▶ Task goal
All of the entries below should be printed exactly; the pictures are to be left out.

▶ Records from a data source
↓

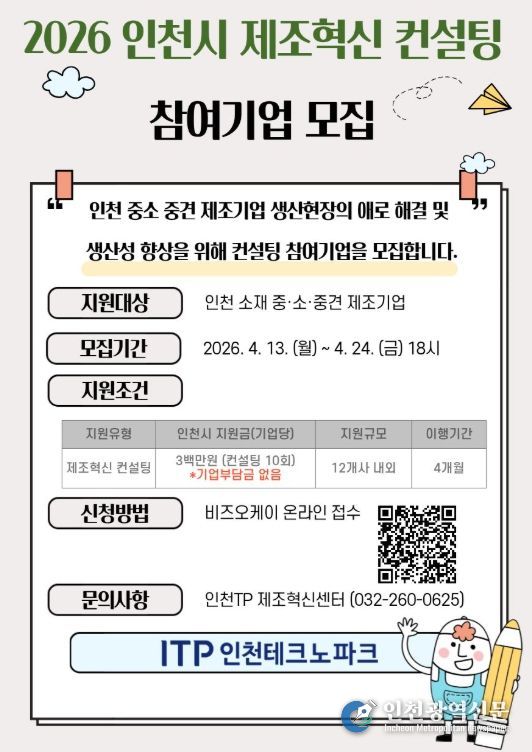 [인천광역신문] 최예준 기자 | 인천테크노파크(인천TP)는 지역 중소·중견기업 제조 현장의 스마트화와 AX(AI 전환)·DX(디지털 전환)를 촉진하기 위해 ‘2026 인천시 제조혁신 컨설팅 지원사업’ 참여기업을 24일까지 모집한다고 밝혔다.
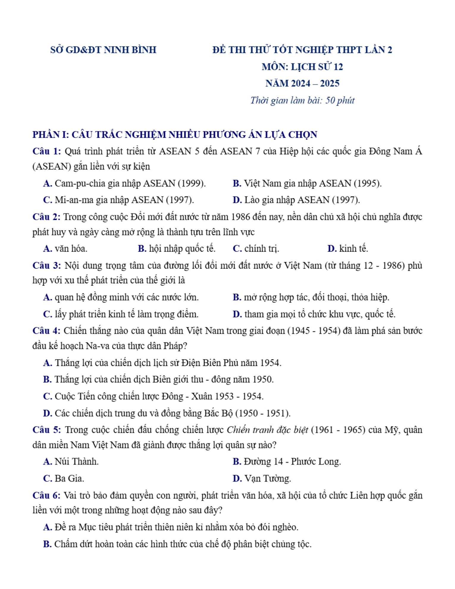 Đề thi thử tốt nghiệp môn Sử lần 2 Sở Ninh Bình
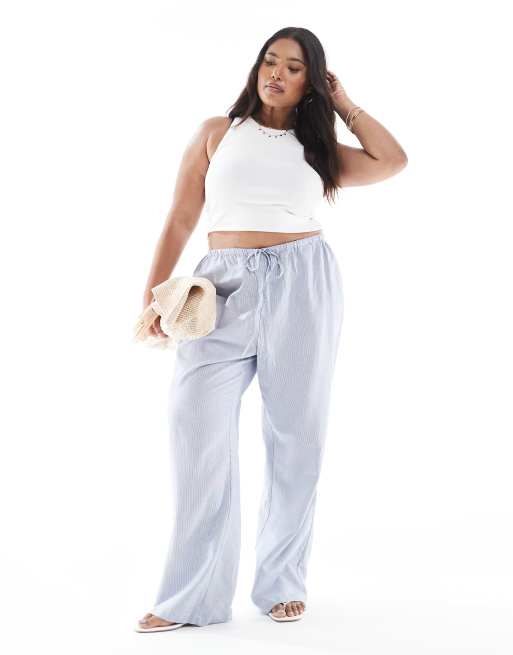 ONLY Curve - Pantalon large noué à la taille - Bleu clair rayé
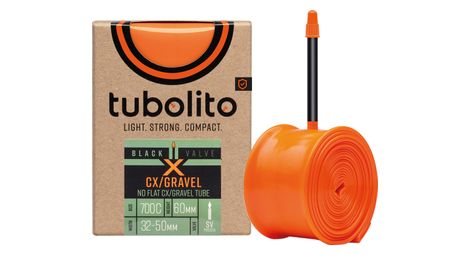 Dites adieu aux crevaisons qui gachent votre balade la tubolito x tubo est l une des chambres a air les plus resistantes du marche concue pour offrir une durabilite maximale elle est faite pour encaisser les coups et pour plus de tranquillite d esprit elle est couverte par une garantie de remplacement d un an en cas de crevaison roulez vite roulez loin et laissez tubolito s occuper du reste elle est disponible avec des valves presta de 60 mm oranges ou noires et compatible avec les freins a disque et les freins a patins toutes les chambres a air tubolito sont fabriquees a partir de polyurethane thermoplastique tpu le tpu est utilise avec succes dans l industrie depuis de nombreuses annees et est apprecie pour ses performances exceptionnelles les fondateurs de tubolito akos kertesz et christian lembacher ont travaille avec le tpu avant de creer tubolito et ont acquis une grande expertise au fil des ans la combinaison du tpu et d un procede de fabrication brevete permet aux chambres a air tubolito d etre a la fois petites legeres et resistantes aux crevaisons ces proprietes peuvent etre optimisees en fonction des exigences imposees a la chambre a air les chambres a air de la gamme x tubo sont extremement resistantes et sont ideales pour une utilisation quotidienne elles offrent une resistance maximale aux crevaisons et beneficient d une garantie de remplacement d un an pour les x tubos enregistres sur le site web de la marque les produit chambre a air extremement resistante pour le cyclocross et le gravel compatible avec tous les types de velos de cyclocross et de gravel garantie de remplacement d un an en cas de crevaison details gamme x tubo utilisation cyclocross gravel adaptee aux freins a disque et aux freins a patins materiau tpu polyurethane thermoplastique valve presta 60 mm dimensions etrto poids reference 700 x 32 50c 32 50 622 131 g 33000156
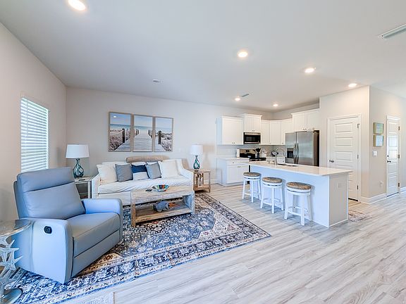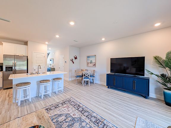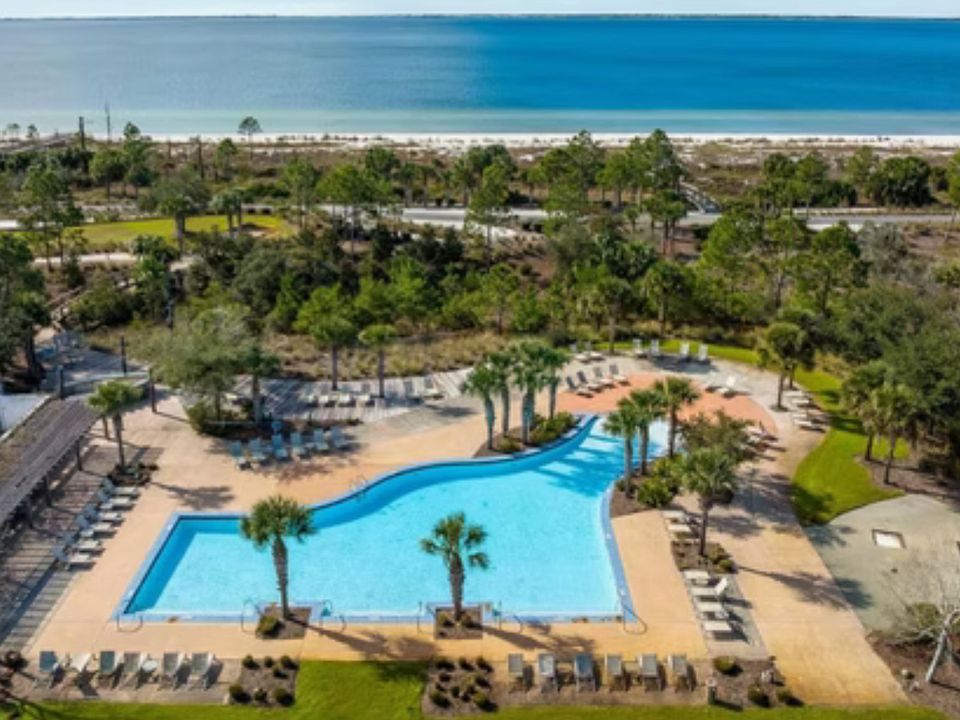 Fully furnished three bedroom 2 1/2 bath one car garage parking space for two vehicles, two minute walk to Sugar Sand beaches. Smart TV in every room, well equipped kitchen. Master Bedroom king size bed with unsweet Bedroom two bunkbeds twin over full. Bedroom three queen size bed. Two pools 50 minute drive to Panama City! 45 min drive to Tyndall AFB

↑

▶ Result
 [인천광역신문] 최예준 기자 | 인천테크노파크(인천TP)는 지역 중소·중견기업 제조 현장의 스마트화와 AX(AI 전환)·DX(디지털 전환)를 촉진하기 위해 ‘2026 인천시 제조혁신 컨설팅 지원사업’ 참여기업을 24일까지 모집한다고 밝혔다.
 Đề thi thử tốt nghiệp môn Sử lần 2 Sở Ninh Bình
 ONLY Curve - Pantalon large noué à la taille - Bleu clair rayé
 Dites adieu aux crevaisons qui gachent votre balade la tubolito x tubo est l une des chambres a air les plus resistantes du marche concue pour offrir une durabilite maximale elle est faite pour encaisser les coups et pour plus de tranquillite d esprit elle est couverte par une garantie de remplacement d un an en cas de crevaison roulez vite roulez loin et laissez tubolito s occuper du reste elle est disponible avec des valves presta de 60 mm oranges ou noires et compatible avec les freins a disque et les freins a patins toutes les chambres a air tubolito sont fabriquees a partir de polyurethane thermoplastique tpu le tpu est utilise avec succes dans l industrie depuis de nombreuses annees et est apprecie pour ses performances exceptionnelles les fondateurs de tubolito akos kertesz et christian lembacher ont travaille avec le tpu avant de creer tubolito et ont acquis une grande expertise au fil des ans la combinaison du tpu et d un procede de fabrication brevete permet aux chambres a air tubolito d etre a la fois petites legeres et resistantes aux crevaisons ces proprietes peuvent etre optimisees en fonction des exigences imposees a la chambre a air les chambres a air de la gamme x tubo sont extremement resistantes et sont ideales pour une utilisation quotidienne elles offrent une resistance maximale aux crevaisons et beneficient d une garantie de remplacement d un an pour les x tubos enregistres sur le site web de la marque les produit chambre a air extremement resistante pour le cyclocross et le gravel compatible avec tous les types de velos de cyclocross et de gravel garantie de remplacement d un an en cas de crevaison details gamme x tubo utilisation cyclocross gravel adaptee aux freins a disque et aux freins a patins materiau tpu polyurethane thermoplastique valve presta 60 mm dimensions etrto poids reference 700 x 32 50c 32 50 622 131 g 33000156
 Fully furnished three bedroom 2 1/2 bath one car garage parking space for two vehicles, two minute walk to Sugar Sand beaches. Smart TV in every room, well equipped kitchen. Master Bedroom king size bed with unsweet Bedroom two bunkbeds twin over full. Bedroom three queen size bed. Two pools 50 minute drive to Panama City! 45 min drive to Tyndall AFB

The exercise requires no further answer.